- AIM OF THE TASK
Print each line exactly, from the one with "Edeluhren aller Art" to the very last line of the listing, and keep the pictures out.

### RECORDED INFORMATION ###

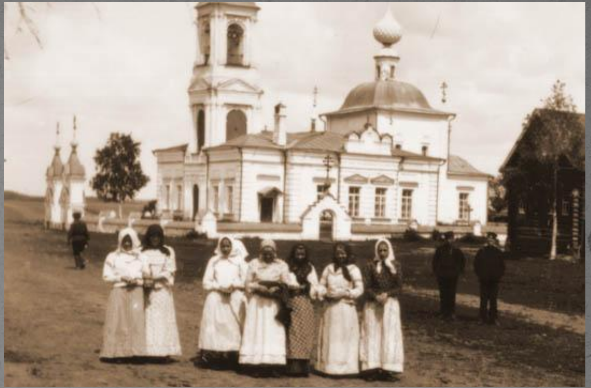
Храм Воскресения Христово в с. Толпыгино 1909г.
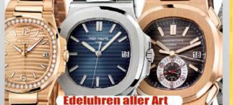
Edeluhren aller Art

Ihre Vorteile: ✓ kostenlose Beratung ✓ kostenlose Wertschätzung ✓ transparente Abwicklung ✓ Bargeld sofort
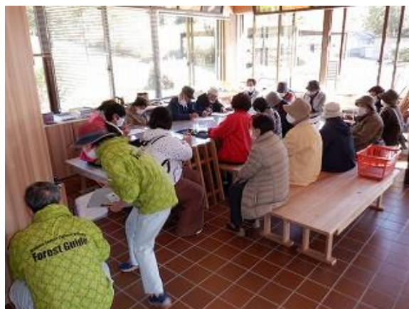
アンケート記載中の参加者

###

- SOLUTION
Edeluhren aller Art

Ihre Vorteile: ✓ kostenlose Beratung ✓ kostenlose Wertschätzung ✓ transparente Abwicklung ✓ Bargeld sofort
アンケート記載中の参加者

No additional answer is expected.